Researchers affiliated with NVIDIA, the University of Washington, the Center for Human-Compatible AI, and the IT University of Copenhagen conducted a study on red teaming in practice, Summon a demon and bind it: A grounded theory of LLM red teaming (published in PLOS One).
Because the goal was to define and understand a relatively novel activity, the study uses a grounded theory approach, taking as evidence interviews from dozens of practitioners in thousands of minutes of video recordings. We spoke with security professionals, policy researchers, and scientists, as well as people who conducted this work non-professionally, such as academic researchers, hobbyists, and even artists, to understand the common themes, motivations, and strategies in attacking LLMs.
What defines LLM red teaming in practice?
LLM red teaming has the following defining characteristics:
- It’s limit-seeking: Red teamers find boundaries and explore limits in system behavior.
- It’s never malicious: People doing red teaming are not interested in doing harm—in fact, quite the opposite.
- It’s manual: Being a creative and playful practice, the parts of red teaming that can be automated are often most useful to give human red teamers insight for their work.
- It’s a team effort: Practitioners find inspiration in each others’ techniques and prompts, and the norm is to respect fellow practitioners’ work.
- It’s approached with an alchemist mindset: We found that red teamers tend to abandon rationalizations about models and their behavior and instead embrace the chaotic and unknown nature of the work.
These characteristics feed into NVIDIA’s definition of LLM red teaming, which we discuss later in this post.
In industry, there’s often a rough division between cybersecurity red teaming and content red teaming:
- Cybersecurity red teaming tends to be scoped to the technology stack leading up to the point of inference output, and technologies used to transmit and render this output.
- Content red teaming, on the other hand, is scoped to the content produced at model inference time.
Why do people red team LLMs?
People who attack LLMs have a broad range of motivations.
Some of these are external. It may be part of their job or a regulatory requirement. Social systems can also play a role, with people discovering LLM vulnerabilities for social media content or to participate in a closed group. Others are intrinsic, as many people do it for fun, out of curiosity, or based on concerns for model behavior.
At NVIDIA, we red team LLMs as part of our Trustworthy AI process to assess risks before release. If the model doesn’t perform up to expectations, we postpone the release until a given model is updated and revised to perform better.
How do people approach this activity?
LLM red teaming consists of using strategies to reach goals when conversationally attacking the target.

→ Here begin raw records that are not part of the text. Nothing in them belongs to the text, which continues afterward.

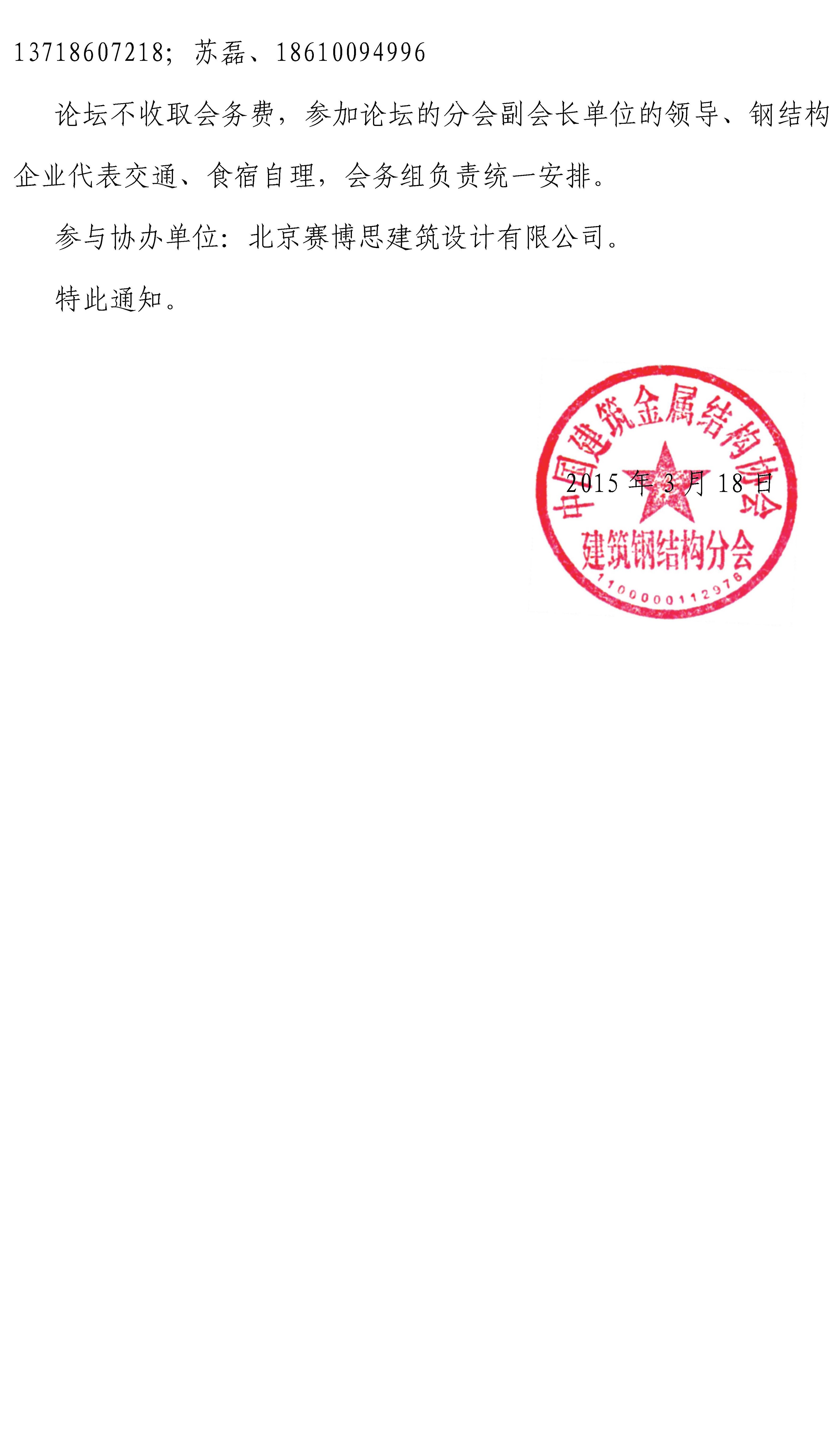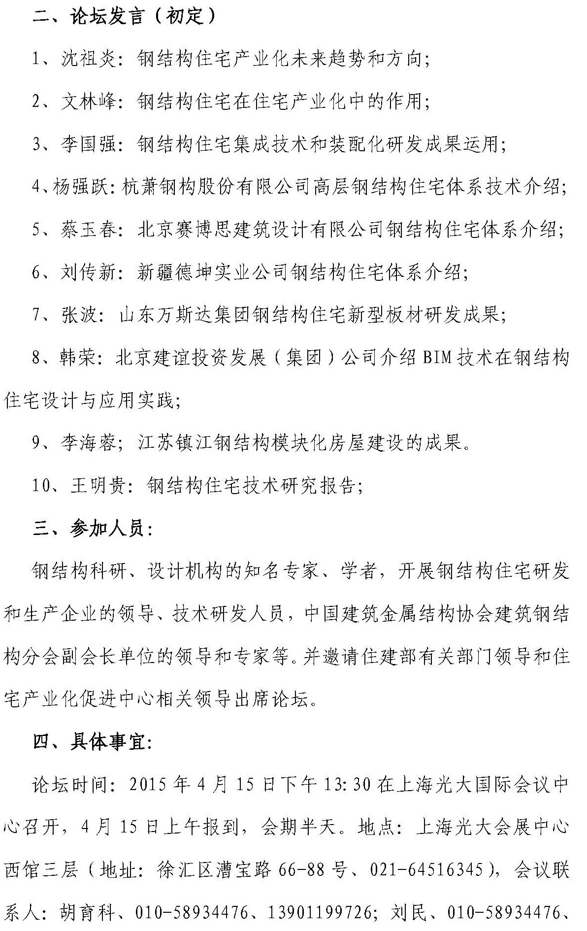关于在钢结构行业大会期间举办 “2015’钢结构住宅产业化创新论坛”的通知
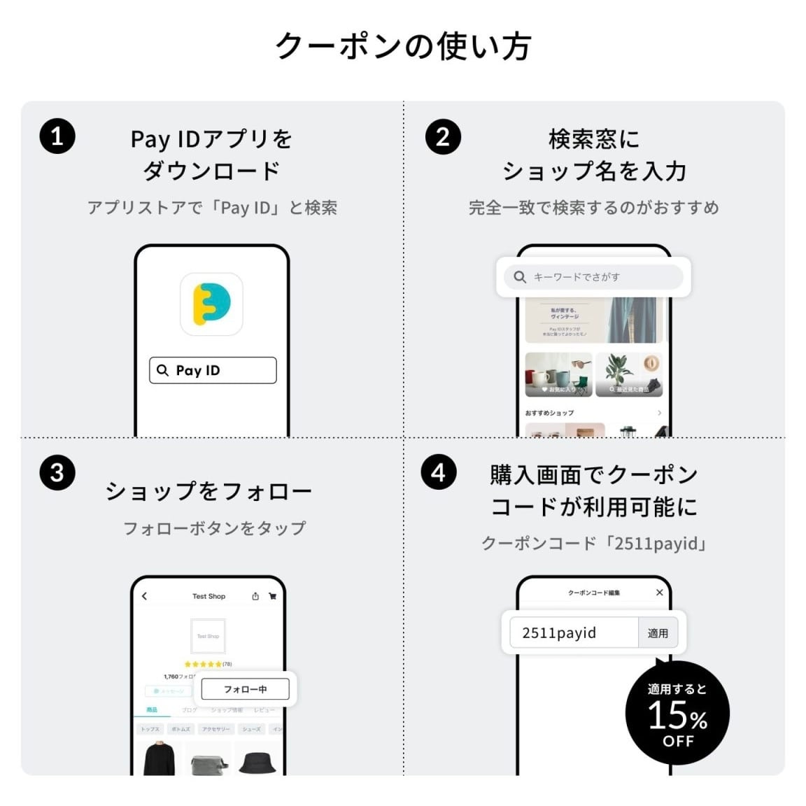 Pay IDアプリにて対象の決済方法で支払うと、購入金額の5%がポイント還元されます!
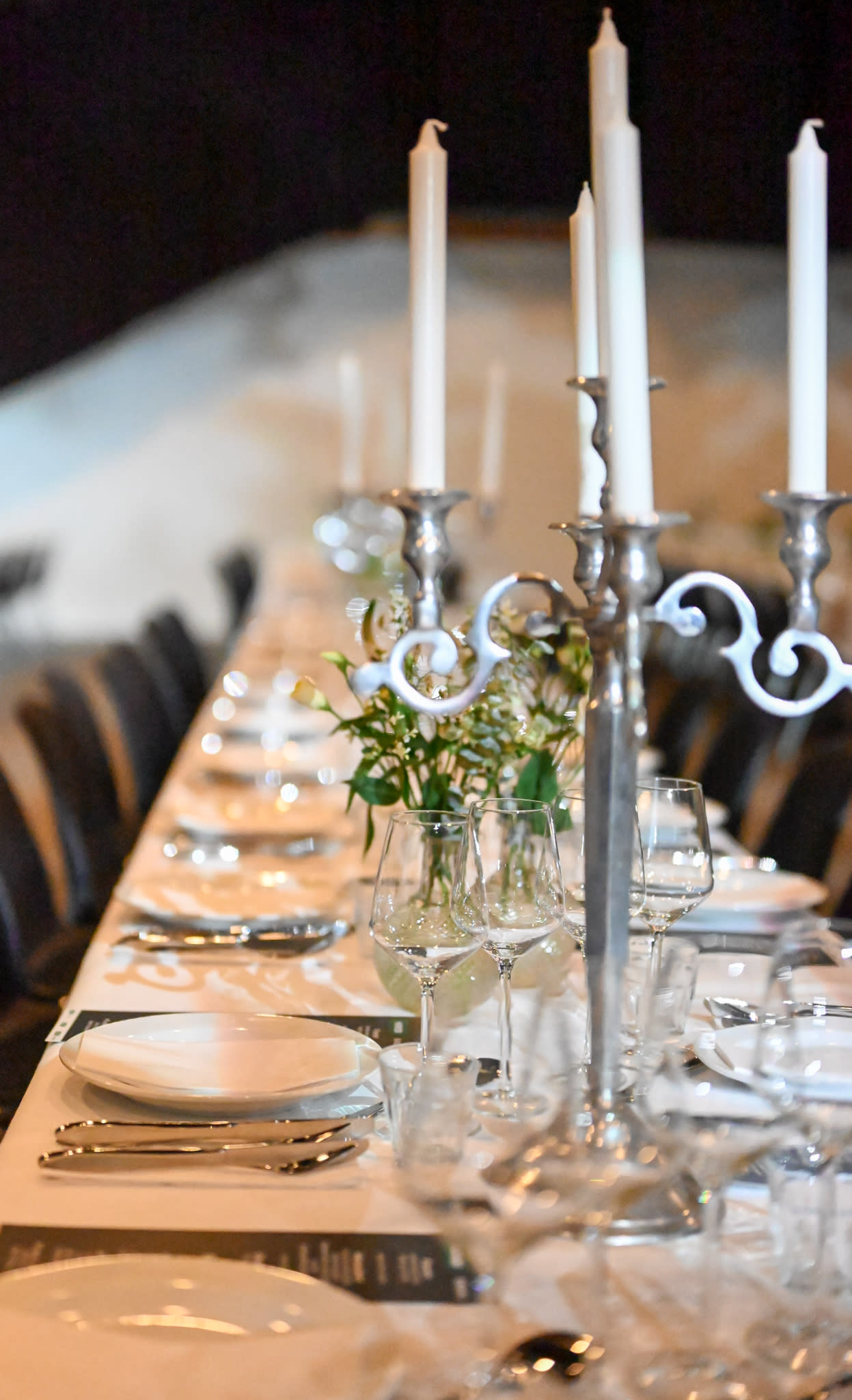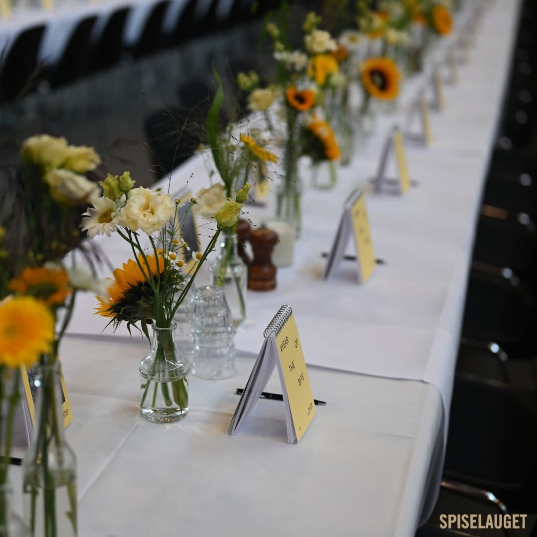 Opdækning ved lange borde med hvide duge og levende lys. Ved yderligere udsmykning/pynt udregnes tilbud på opsætning og eventuel varighed af forlængelse af lokaleleje ud fra behov og ønsker.

Each kind of strategy is decomposed into different techniques. A technique might just affect two or three adversarial inputs against the targets, or an input might draw upon multiple techniques.
We identified the following overall types of red team strategies:
- Language: Modulating the surface form of words rather than semantics, such as using an encoding scheme.
- Rhetorical: Relying on argumentation, or manipulation.
- Possible worlds: Trying to shift the context of the interaction.
- Fictionalizing: Shifting the basis of operation to a fictional world or set of conditions.
- Stratagems: Using meta-strategies that affect how one interacts with the LLM at a higher level.
For more information, see Summon a demon and bind it: A grounded theory of LLM red teaming, which lists and describes 35 techniques over twelve different strategies.
What can LLM red teaming reveal?
The goal of LLM red teaming isn’t to quantify security. Rather, the focus is on exploration, and finding which phenomena and behaviors a red teamer can get out of the LLM. Put another way, if we get a failure just one time, then the failure is possible.
Another thing that distinguishes red teaming from benchmarks is the focus on novelty.
For both cybersecurity and content-based red teaming, the possible range of attacks is infinite. For cybersecurity, that’s because new attack methods are constantly in development. For content, it’s because the mode of interaction is through text, which can be infinitely rearranged and augmented.
So, repeatability is not interesting when discovering new security weaknesses and vulnerabilities. While it makes sense to test any model for failures using a battery of existing prompts, as a benchmark does, this can never indicate security. It just reveals weaknesses.
It’s possible to patch deployed models to be secure against prompts in public benchmarks, or to use this data during alignment, so getting full marks on a benchmark doesn’t show that a model is secure. However, getting low marks on a security benchmark does still indicate the presence of weaknesses.
In the security context, to test a model rigorously, you should go beyond public knowledge and interact closely with the model, trying to find novel ways to breach a particular LLM.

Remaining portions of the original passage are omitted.